Key Laboratory of Targeted Intervention of Cardiovascular Disease, Collaborative Innovation Center for Cardiovascular Disease Translational Medicine, Nanjing Medical University, Nanjing, Jiangsu, China.
Department of Physiology, Nanjing Medical University, Nanjing, Jiangsu, China.
Cell Mol Life Sci. 2024 Apr 4;81(1):164. doi: 10.1007/s00018-024-05198-z.
Diabetic hyperglycemia induces dysfunctions of arterial smooth muscle, leading to diabetic vascular complications. The Ca1.2 calcium channel is one primary pathway for Ca influx, which initiates vasoconstriction. However, the long-term regulation mechanism(s) for vascular Ca1.2 functions under hyperglycemic condition remains unknown. Here, Sprague-Dawley rats fed with high-fat diet in combination with low dose streptozotocin and Goto-Kakizaki (GK) rats were used as diabetic models. Isolated mesenteric arteries (MAs) and vascular smooth muscle cells (VSMCs) from rat models were used to assess K-induced arterial constriction and Ca1.2 channel functions using vascular myograph and whole-cell patch clamp, respectively. K-induced vasoconstriction is persistently enhanced in the MAs from diabetic rats, and Ca1.2 alternative spliced exon 9* is increased, while exon 33 is decreased in rat diabetic arteries. Furthermore, Ca1.2 channels exhibit hyperpolarized current-voltage and activation curve in VSMCs from diabetic rats, which facilitates the channel function. Unexpectedly, the application of glycated serum (GS), mimicking advanced glycation end-products (AGEs), but not glucose, downregulates the expression of the splicing factor Rbfox1 in VSMCs. Moreover, GS application or Rbfox1 knockdown dynamically regulates alternative exons 9* and 33, leading to facilitated functions of Ca1.2 channels in VSMCs and MAs. Notably, GS increases K-induced intracellular calcium concentration of VSMCs and the vasoconstriction of MAs. These results reveal that AGEs, not glucose, long-termly regulates Ca1.2 alternative splicing events by decreasing Rbfox1 expression, thereby enhancing channel functions and increasing vasoconstriction under diabetic hyperglycemia. This study identifies the specific molecular mechanism for enhanced vasoconstriction under hyperglycemia, providing a potential target for managing diabetic vascular complications.

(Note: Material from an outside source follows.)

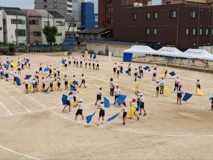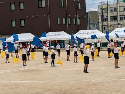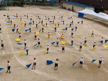 運動場場で、団体演技の練習を行いました。気合を入れて旗を振る姿が勇壮です。隊形移動もばっちりでした。当日は高学年のかっこいい姿を、皆さんに見てもらいましょう。
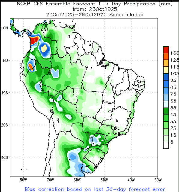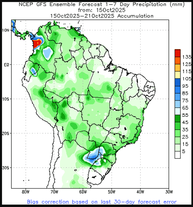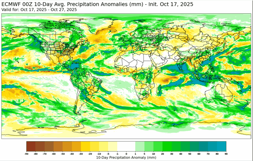 - One private estimate has pegged China’s 26/27 wheat production at 141 mmt, with planted area steady with the prior season at 23.62 million hectares. Winter wheat in China is typically planted between September and November, but the planting pace has been delayed due to heavy rains in October.

糖尿病性高血糖会导致动脉平滑肌功能障碍,从而引发糖尿病血管并发症。Ca1.2 钙通道是 Ca 内流的主要途径之一,它启动血管收缩。然而,高血糖状态下血管 Ca1.2 功能的长期调节机制尚不清楚。在这里,我们使用高脂肪饮食联合小剂量链脲佐菌素和 Goto-Kakizaki(GK)大鼠构建的糖尿病模型来研究这一问题。使用血管张力测定仪和全细胞膜片钳技术分别检测大鼠模型分离的肠系膜动脉(MAs)和血管平滑肌细胞(VSMCs)中的 K 诱导的动脉收缩和 Ca1.2 通道功能。结果发现,糖尿病大鼠的 MAs 中 K 诱导的血管收缩持续增强,同时 Ca1.2 剪接外显子 9增加,而外显子 33 减少。此外,糖尿病大鼠 VSMCs 中的 Ca1.2 通道表现出超极化的电流-电压和激活曲线,这有助于通道功能。出乎意料的是,糖基化血清(GS)的应用,模拟了晚期糖基化终产物(AGEs),而不是葡萄糖,下调了 VSMCs 中的剪接因子 Rbfox1 的表达。此外,GS 的应用或 Rbfox1 的敲低会动态调节外显子 9和 33,导致 Ca1.2 通道在 VSMCs 和 MAs 中的功能增强。值得注意的是,GS 增加了 VSMCs 中 K 诱导的细胞内钙离子浓度和 MAs 的血管收缩。这些结果表明,AGEs,而不是葡萄糖,通过降低 Rbfox1 的表达来长期调节 Ca1.2 剪接事件,从而增强高血糖状态下的通道功能并增加血管收缩。本研究确定了高血糖状态下增强血管收缩的特定分子机制,为糖尿病血管并发症的治疗提供了潜在的靶点。